Among the entries below, copy only the span from the line containing "Cantidad: 2PCS Color: rosa, blanco, rojo, verde" through the line containing "Per ogni dispositivo". Do so exactly, and skip the pictures.

▶ [DATA RECORDS]

____

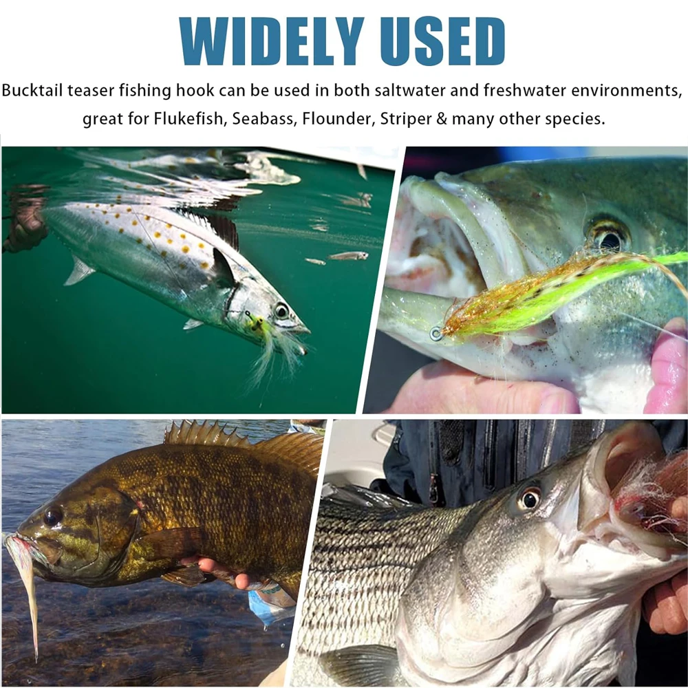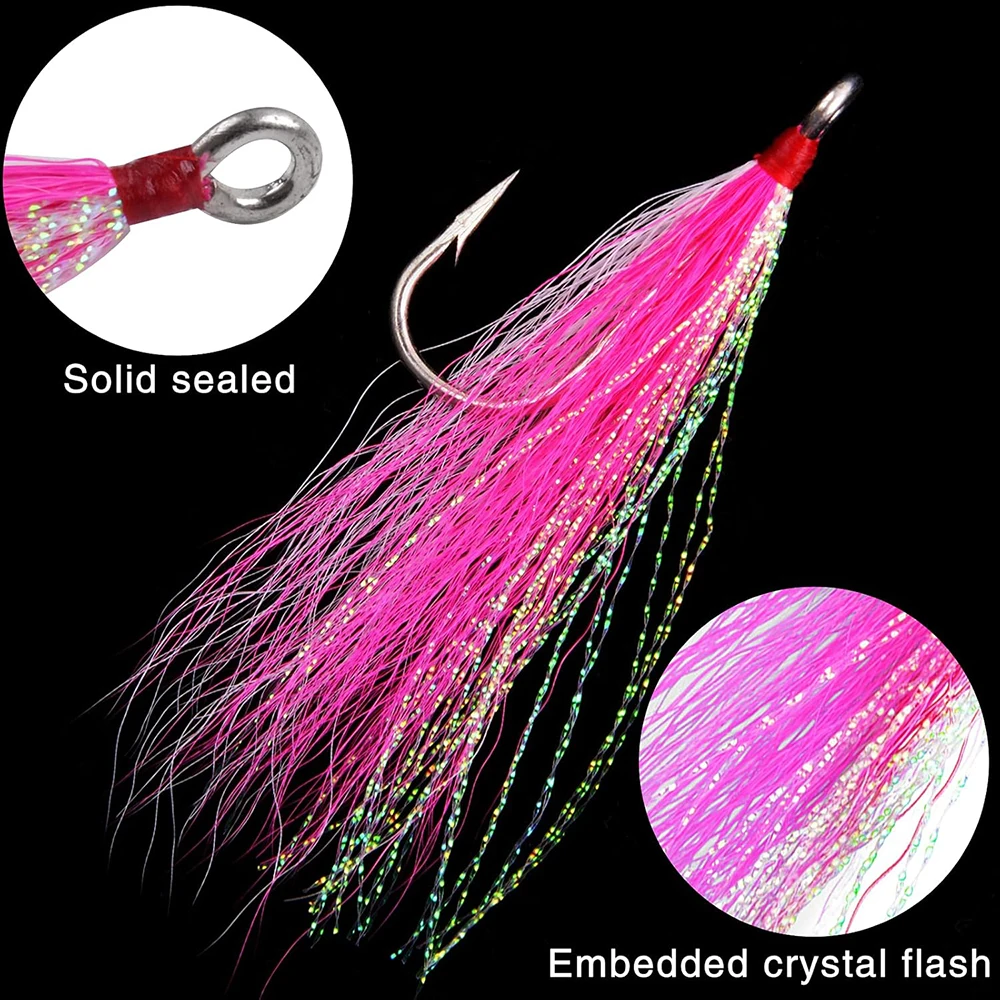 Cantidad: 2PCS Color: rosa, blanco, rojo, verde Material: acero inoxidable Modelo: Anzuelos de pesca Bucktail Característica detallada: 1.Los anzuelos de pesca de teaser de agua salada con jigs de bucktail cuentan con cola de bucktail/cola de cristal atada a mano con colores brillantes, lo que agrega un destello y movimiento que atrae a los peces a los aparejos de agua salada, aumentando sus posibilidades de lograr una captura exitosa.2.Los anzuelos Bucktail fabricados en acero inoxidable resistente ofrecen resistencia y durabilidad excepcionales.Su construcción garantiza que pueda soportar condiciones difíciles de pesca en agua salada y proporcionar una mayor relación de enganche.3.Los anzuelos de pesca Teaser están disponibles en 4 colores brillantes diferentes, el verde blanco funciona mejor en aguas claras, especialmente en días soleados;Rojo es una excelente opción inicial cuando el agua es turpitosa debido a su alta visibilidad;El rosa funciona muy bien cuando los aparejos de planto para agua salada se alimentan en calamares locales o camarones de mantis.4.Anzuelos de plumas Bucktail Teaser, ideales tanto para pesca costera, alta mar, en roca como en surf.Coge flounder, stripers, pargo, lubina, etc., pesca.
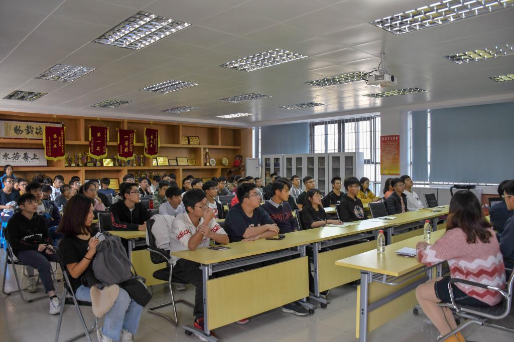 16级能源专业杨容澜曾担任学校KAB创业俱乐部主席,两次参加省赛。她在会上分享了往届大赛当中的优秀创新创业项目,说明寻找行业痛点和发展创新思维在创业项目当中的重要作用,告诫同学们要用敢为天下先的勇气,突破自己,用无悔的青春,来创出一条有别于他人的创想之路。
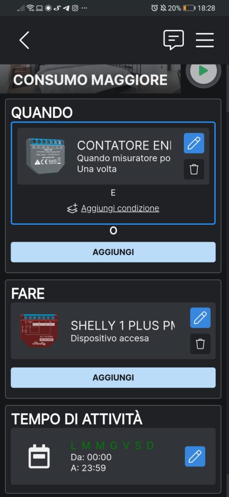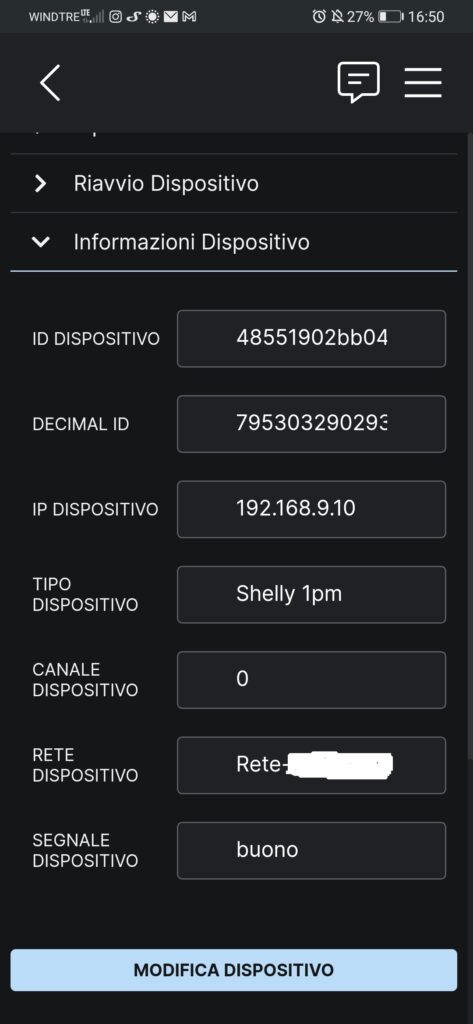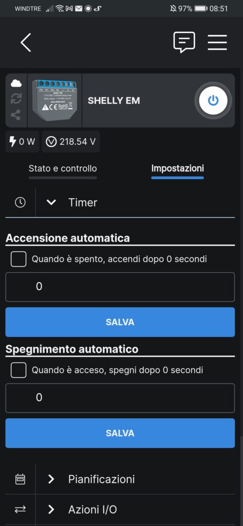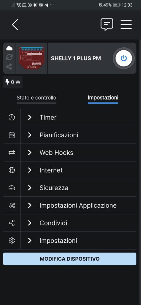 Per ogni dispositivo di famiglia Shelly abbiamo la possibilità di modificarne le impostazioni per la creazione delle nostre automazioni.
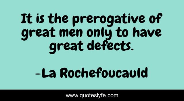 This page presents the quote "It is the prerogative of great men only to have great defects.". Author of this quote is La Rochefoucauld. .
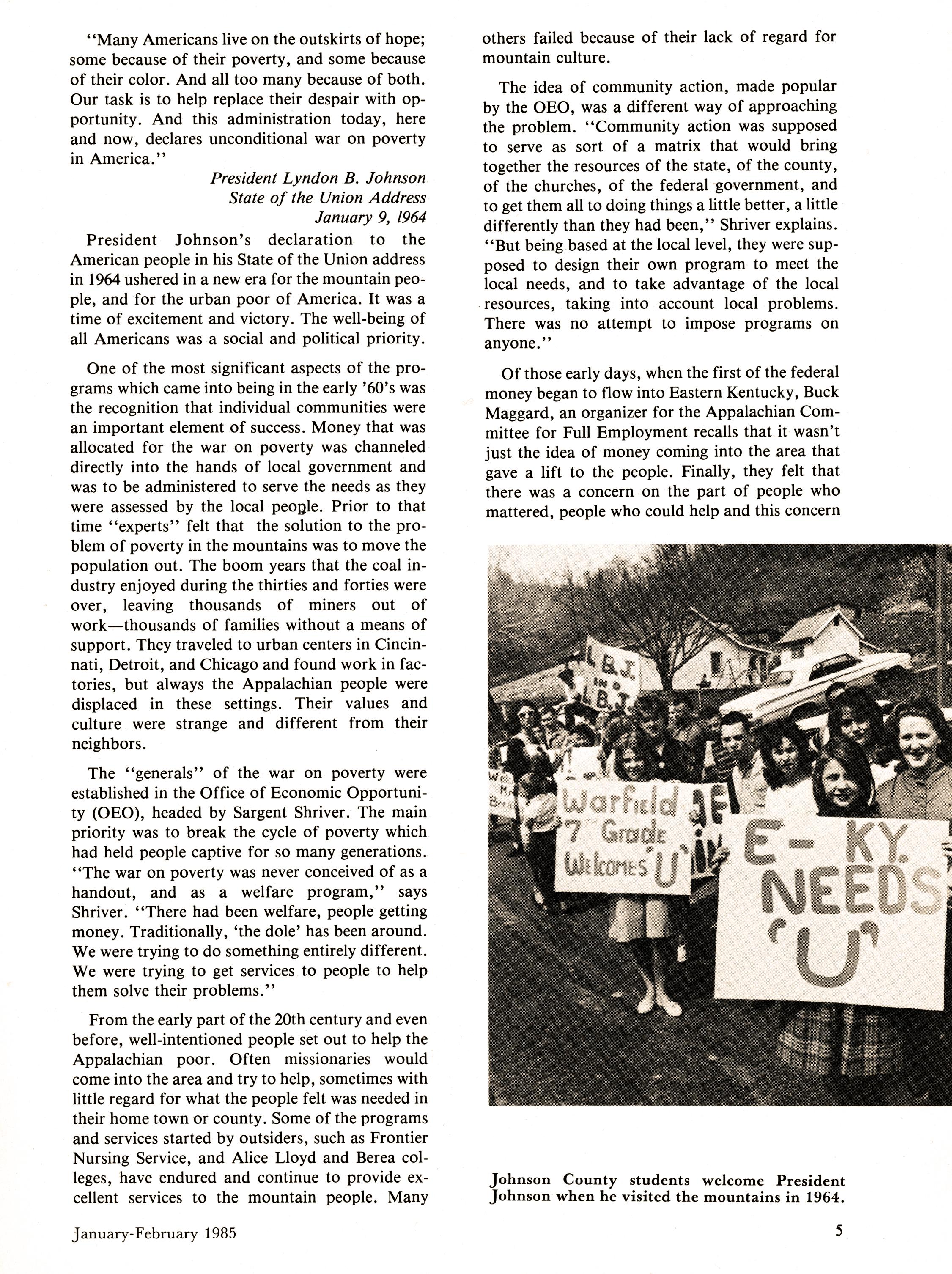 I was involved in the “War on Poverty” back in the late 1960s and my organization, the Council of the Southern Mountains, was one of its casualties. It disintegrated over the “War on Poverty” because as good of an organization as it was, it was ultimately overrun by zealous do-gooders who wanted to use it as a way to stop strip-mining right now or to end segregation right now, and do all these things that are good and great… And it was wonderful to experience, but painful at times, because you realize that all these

____

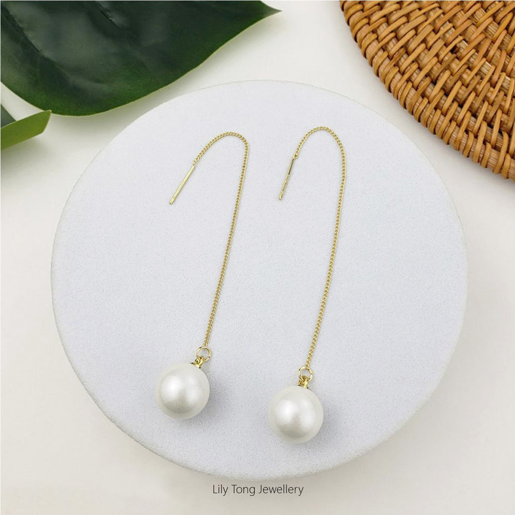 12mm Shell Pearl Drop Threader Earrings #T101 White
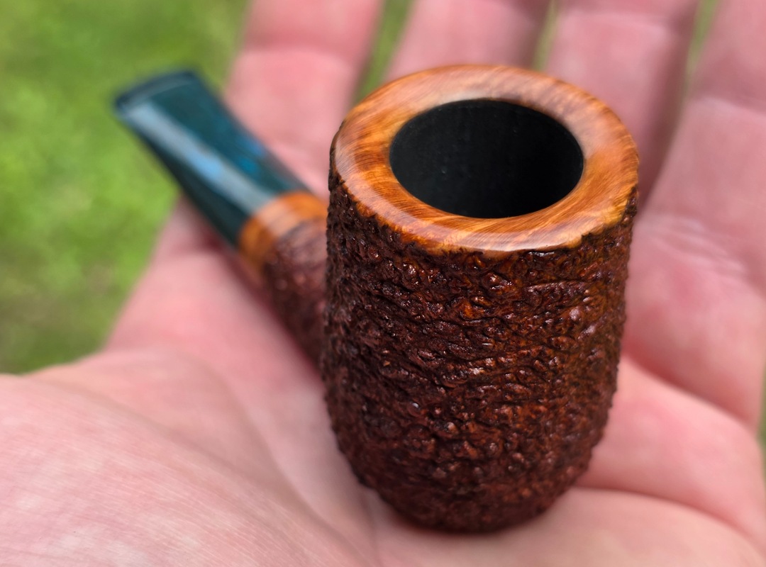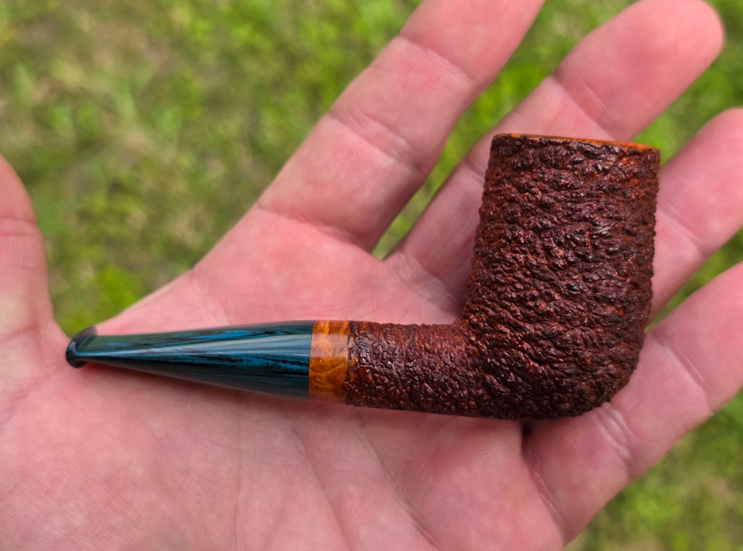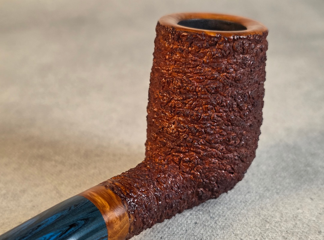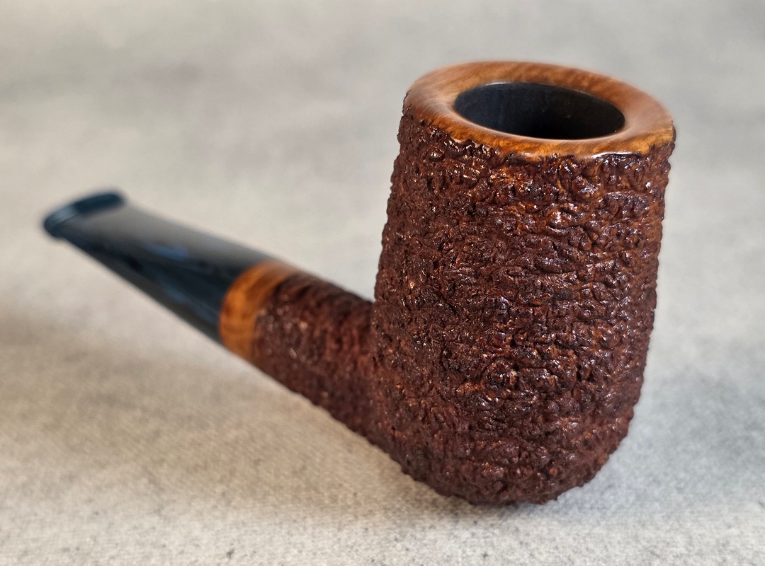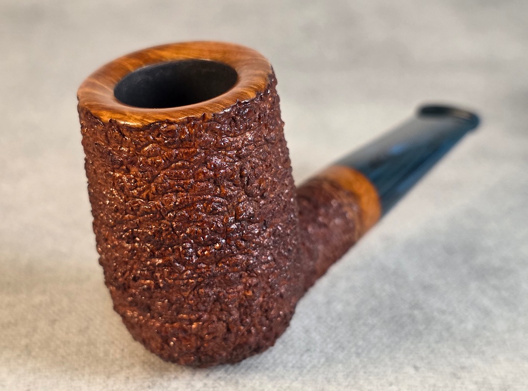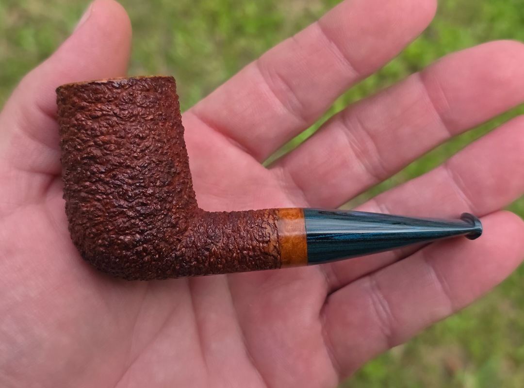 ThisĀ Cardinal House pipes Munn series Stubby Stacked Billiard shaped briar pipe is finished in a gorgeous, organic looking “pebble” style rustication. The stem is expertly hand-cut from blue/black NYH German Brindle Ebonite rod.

____

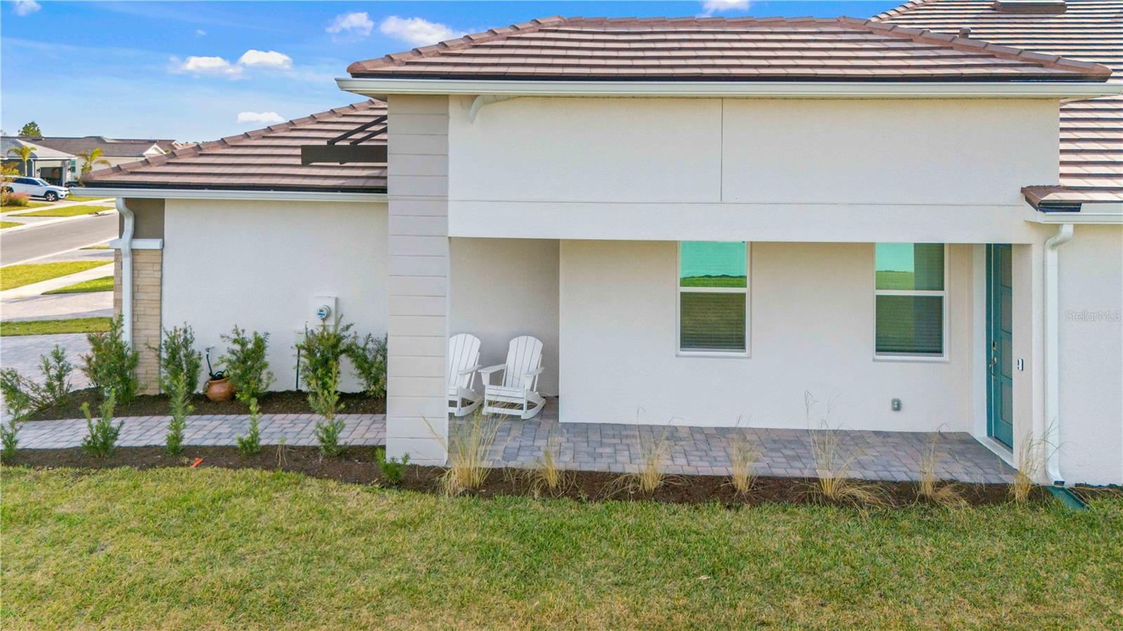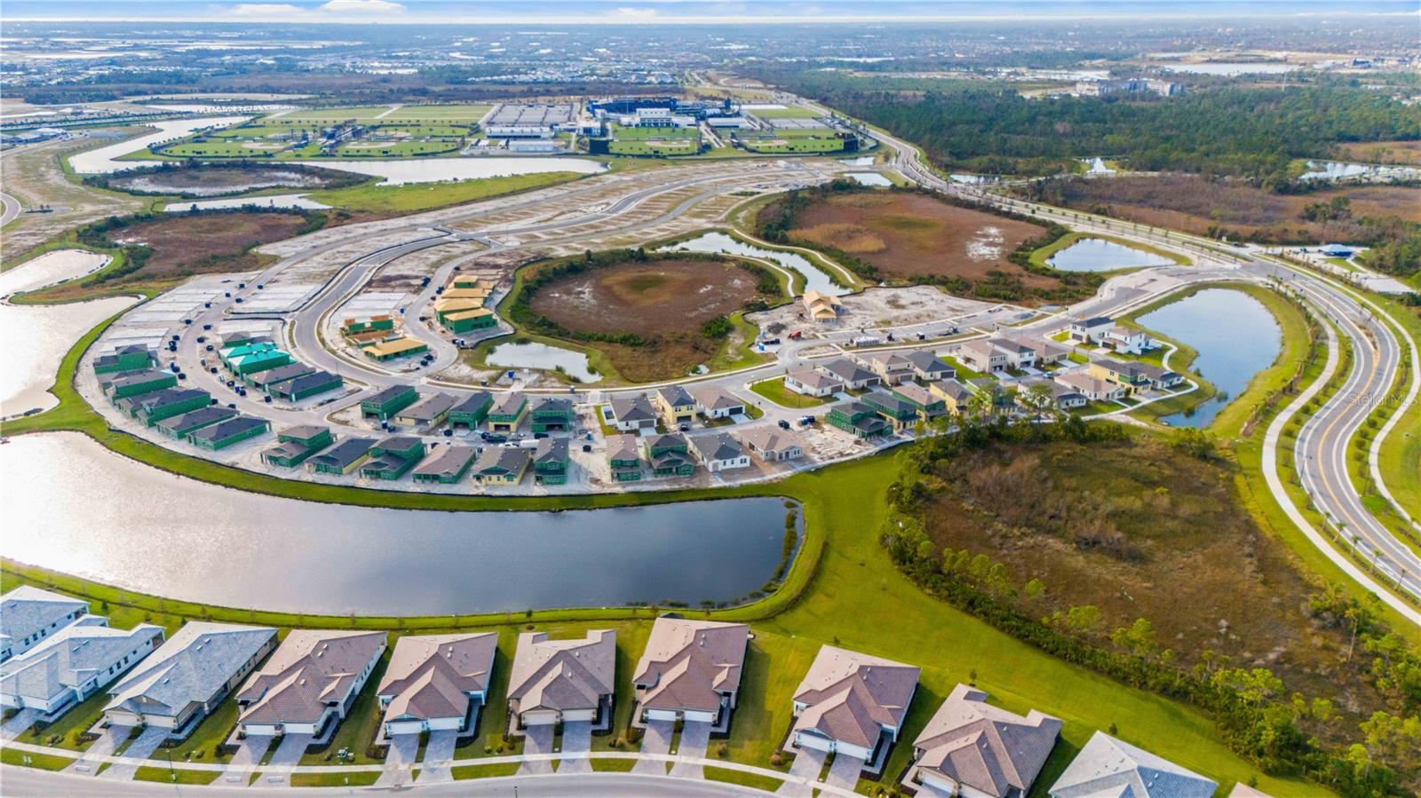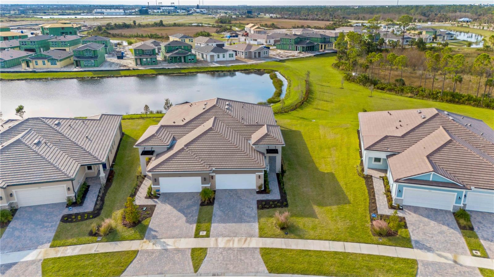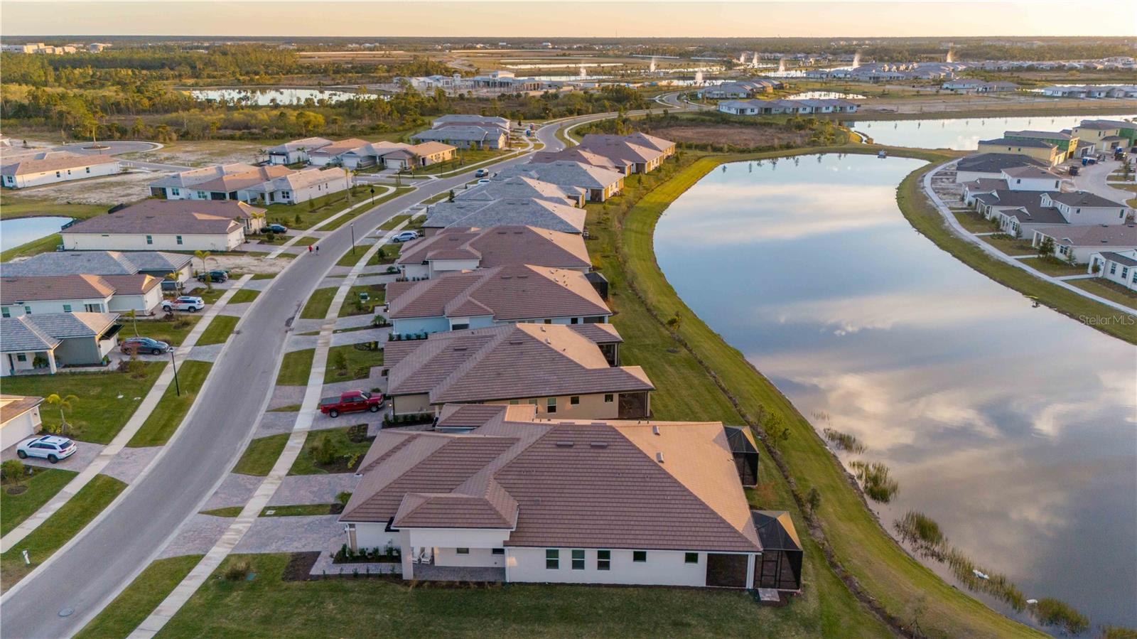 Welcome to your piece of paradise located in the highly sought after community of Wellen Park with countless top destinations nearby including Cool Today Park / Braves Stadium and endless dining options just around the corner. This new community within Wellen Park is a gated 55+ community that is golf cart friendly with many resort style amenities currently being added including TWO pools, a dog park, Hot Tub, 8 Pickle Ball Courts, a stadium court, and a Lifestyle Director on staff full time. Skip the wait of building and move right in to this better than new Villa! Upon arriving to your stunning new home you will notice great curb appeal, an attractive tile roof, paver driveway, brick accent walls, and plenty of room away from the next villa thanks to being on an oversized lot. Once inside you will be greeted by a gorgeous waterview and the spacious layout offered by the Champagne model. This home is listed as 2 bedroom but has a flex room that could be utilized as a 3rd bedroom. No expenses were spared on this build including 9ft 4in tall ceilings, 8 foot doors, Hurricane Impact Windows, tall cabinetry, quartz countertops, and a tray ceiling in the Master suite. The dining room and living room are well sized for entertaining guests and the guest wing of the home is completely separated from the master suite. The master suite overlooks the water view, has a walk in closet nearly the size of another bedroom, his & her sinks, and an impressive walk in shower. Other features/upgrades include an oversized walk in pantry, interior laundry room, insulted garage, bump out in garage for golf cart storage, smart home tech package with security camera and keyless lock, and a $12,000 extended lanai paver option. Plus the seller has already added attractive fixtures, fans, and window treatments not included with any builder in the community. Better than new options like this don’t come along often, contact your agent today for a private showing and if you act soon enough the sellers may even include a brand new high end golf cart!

____

▶ [YOUR SOLUTION]
 Cantidad: 2PCS Color: rosa, blanco, rojo, verde Material: acero inoxidable Modelo: Anzuelos de pesca Bucktail Característica detallada: 1.Los anzuelos de pesca de teaser de agua salada con jigs de bucktail cuentan con cola de bucktail/cola de cristal atada a mano con colores brillantes, lo que agrega un destello y movimiento que atrae a los peces a los aparejos de agua salada, aumentando sus posibilidades de lograr una captura exitosa.2.Los anzuelos Bucktail fabricados en acero inoxidable resistente ofrecen resistencia y durabilidad excepcionales.Su construcción garantiza que pueda soportar condiciones difíciles de pesca en agua salada y proporcionar una mayor relación de enganche.3.Los anzuelos de pesca Teaser están disponibles en 4 colores brillantes diferentes, el verde blanco funciona mejor en aguas claras, especialmente en días soleados;Rojo es una excelente opción inicial cuando el agua es turpitosa debido a su alta visibilidad;El rosa funciona muy bien cuando los aparejos de planto para agua salada se alimentan en calamares locales o camarones de mantis.4.Anzuelos de plumas Bucktail Teaser, ideales tanto para pesca costera, alta mar, en roca como en surf.Coge flounder, stripers, pargo, lubina, etc., pesca.
 16级能源专业杨容澜曾担任学校KAB创业俱乐部主席,两次参加省赛。她在会上分享了往届大赛当中的优秀创新创业项目,说明寻找行业痛点和发展创新思维在创业项目当中的重要作用,告诫同学们要用敢为天下先的勇气,突破自己,用无悔的青春,来创出一条有别于他人的创想之路。
 Per ogni dispositivo di famiglia Shelly abbiamo la possibilità di modificarne le impostazioni per la creazione delle nostre automazioni.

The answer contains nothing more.